为了运行 Widevine,我首先必须将其加载到模拟器中。实现所有 Widevine L3 操作的库是 libwvhidl.so。我只想对这个库进行插桩,而不是真实 Android 设备上使用的整个程序(android.hardware.drm@1.1-service.widevine,即 Android DRM 服务)。因此,我试图欺骗加载器,让它认为该库是一个可执行文件,从而让它自动加载该库所依赖的所有其他库。
I have done this a few times, and it is usually really easy using LIEF. There is even a short post on how to do it in their docs, but for some reason, the library resulted in a corrupted state, which resulted in some problems when applying relocations. After hours of debugging, I figured out that I could get a working ELF like this: 我以前做过几次这种操作,使用 LIEF 通常非常简单。他们的文档中甚至有一篇关于如何操作的简短文章,但由于某种原因,该库最终处于损坏状态,导致在应用重定位时出现了一些问题。经过数小时的调试,我发现可以通过以下方式获得一个可用的 ELF 文件:
lib = lief.parse(src)
lib[lief.ELF.DynamicEntry.TAG.from_value(0x6000000F)].value = (
lib[lief.ELF.DynamicEntry.TAG.from_value(0x6000000F)].value + 0x1000)

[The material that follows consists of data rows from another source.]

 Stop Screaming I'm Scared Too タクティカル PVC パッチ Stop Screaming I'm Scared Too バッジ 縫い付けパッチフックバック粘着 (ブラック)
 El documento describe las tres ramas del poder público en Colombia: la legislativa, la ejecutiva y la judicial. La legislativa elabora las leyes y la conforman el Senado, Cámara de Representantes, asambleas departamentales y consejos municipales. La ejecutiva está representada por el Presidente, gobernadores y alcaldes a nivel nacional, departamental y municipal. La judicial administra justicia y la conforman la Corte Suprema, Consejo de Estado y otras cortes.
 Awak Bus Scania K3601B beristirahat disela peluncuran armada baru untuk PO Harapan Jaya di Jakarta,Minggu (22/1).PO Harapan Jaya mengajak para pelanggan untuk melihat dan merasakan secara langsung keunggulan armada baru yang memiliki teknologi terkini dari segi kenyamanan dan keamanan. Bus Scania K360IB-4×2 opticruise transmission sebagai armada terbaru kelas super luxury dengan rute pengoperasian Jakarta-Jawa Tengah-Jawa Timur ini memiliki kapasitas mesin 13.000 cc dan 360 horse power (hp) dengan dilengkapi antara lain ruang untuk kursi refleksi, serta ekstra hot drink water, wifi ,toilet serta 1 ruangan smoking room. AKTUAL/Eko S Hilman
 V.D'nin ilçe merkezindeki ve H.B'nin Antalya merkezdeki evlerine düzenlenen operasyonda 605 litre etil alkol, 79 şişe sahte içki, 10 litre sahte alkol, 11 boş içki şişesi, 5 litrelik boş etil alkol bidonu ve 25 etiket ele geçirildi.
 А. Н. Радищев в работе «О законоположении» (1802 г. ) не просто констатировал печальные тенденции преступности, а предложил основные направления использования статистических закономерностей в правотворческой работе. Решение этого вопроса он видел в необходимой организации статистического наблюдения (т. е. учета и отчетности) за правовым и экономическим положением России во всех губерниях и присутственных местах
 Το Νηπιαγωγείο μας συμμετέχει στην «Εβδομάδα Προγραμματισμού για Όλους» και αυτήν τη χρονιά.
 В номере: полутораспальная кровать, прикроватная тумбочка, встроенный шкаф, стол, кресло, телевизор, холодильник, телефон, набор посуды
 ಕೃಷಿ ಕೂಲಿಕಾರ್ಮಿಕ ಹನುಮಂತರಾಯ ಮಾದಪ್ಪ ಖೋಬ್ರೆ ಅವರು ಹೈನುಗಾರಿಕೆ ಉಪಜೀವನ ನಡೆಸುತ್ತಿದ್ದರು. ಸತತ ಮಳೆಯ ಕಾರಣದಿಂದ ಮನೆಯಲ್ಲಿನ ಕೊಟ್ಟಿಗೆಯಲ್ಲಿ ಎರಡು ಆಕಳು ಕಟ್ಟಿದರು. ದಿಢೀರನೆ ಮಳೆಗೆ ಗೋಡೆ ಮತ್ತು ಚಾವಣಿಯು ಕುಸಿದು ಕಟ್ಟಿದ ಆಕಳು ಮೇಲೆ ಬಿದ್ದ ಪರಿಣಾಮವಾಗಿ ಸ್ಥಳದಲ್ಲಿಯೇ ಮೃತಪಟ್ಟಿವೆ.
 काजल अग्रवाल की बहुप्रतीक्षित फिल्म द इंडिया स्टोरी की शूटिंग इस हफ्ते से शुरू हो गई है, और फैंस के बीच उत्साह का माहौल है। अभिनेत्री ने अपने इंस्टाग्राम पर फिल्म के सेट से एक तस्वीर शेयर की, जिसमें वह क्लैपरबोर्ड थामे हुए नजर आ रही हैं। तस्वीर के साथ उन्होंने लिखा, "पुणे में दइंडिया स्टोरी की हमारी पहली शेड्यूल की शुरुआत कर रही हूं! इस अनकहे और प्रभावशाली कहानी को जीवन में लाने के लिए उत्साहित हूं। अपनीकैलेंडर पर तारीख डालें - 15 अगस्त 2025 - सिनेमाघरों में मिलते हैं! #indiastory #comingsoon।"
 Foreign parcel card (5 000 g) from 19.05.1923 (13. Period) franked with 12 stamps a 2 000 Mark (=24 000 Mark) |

lib.interpreter = b"/system/bin/linker"
lib.write(dst)
The loader happily loads the library, and it magically works ¯_(ツ)/¯ With this, I could manually execute the _lcc01 function to initialize the DRM, which creates /data/vendor/mediadrm/IDM1013/L3/ay64.dat, the encrypted keybox. To verify if everything works as intended, I just copied all files of /data/vendor/mediadrm/ into my Qiling root filesystem and initialized the DRM. However, it didn’t “accept” my keybox and always created a new one, so I wasn’t sure whether it was a proper key or contained a “garbage” key.
加载器愉快地加载了该库,它奇迹般地运行起来了 ¯_(ツ)/¯ 有了它,我可以手动执行 _lcc01 函数来初始化 DRM,这会创建 /data/vendor/mediadrm/IDM1013/L3/ay64.dat,即加密的 keybox。为了验证一切是否按预期工作,我将 /data/vendor/mediadrm/ 中的所有文件复制到我的 Qiling 根文件系统中并初始化了 DRM。然而,它并没有“接受”我的 keybox,而是总是创建一个新的,所以我无法确定它是一个有效的密钥,还是包含了一个“垃圾”密钥。